再び鞭が鳴り、アルマは慌てて服を脱ぎ始めた。その間もアルマの視線はクローリリアが弄んでいる鞭から離れなかった。以前の主人であるエルランシアももちろん鞭は持っていたし、鞭で打つと脅かされたこともあった。だが、実際に彼女がそれを手にしているのを見たことはなかった。彼女の罰は常にアルマを性的に辱めるものだったのだ。

だが、この新しい主人は実際に鞭を振るうかもしれなかった。そのときの痛みを想像して、アルマの体は恐怖のために震えだした。

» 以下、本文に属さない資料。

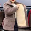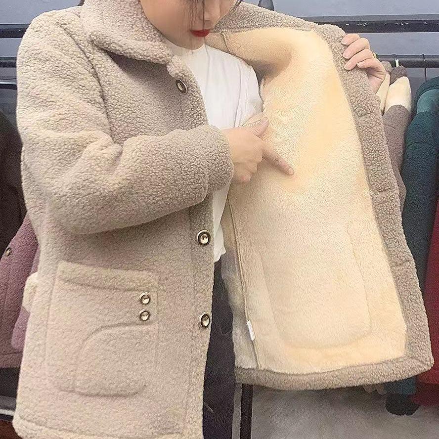 Women's Mid-Length Beige Faux Fur Lambswool Coat

奴隷商人の二人の助手が、全裸になったアルマの首に、番号が彫られた皮の首輪を嵌めた。それから、鎖を取り付ける金具のついたベルトを、両手首と両足首に取り付けた。

すっかり惨めな気分になったアルマを見て、奴隷商人は初めて微笑んだ。

「あら、なかなか似合っているわよ。やっぱり奴隷には奴隷らしい格好がお似合いだわ」

アルマは褒められて嬉しそうな顔になりかけたが、再び鞭の音が鳴り、びくりと体を硬直させた。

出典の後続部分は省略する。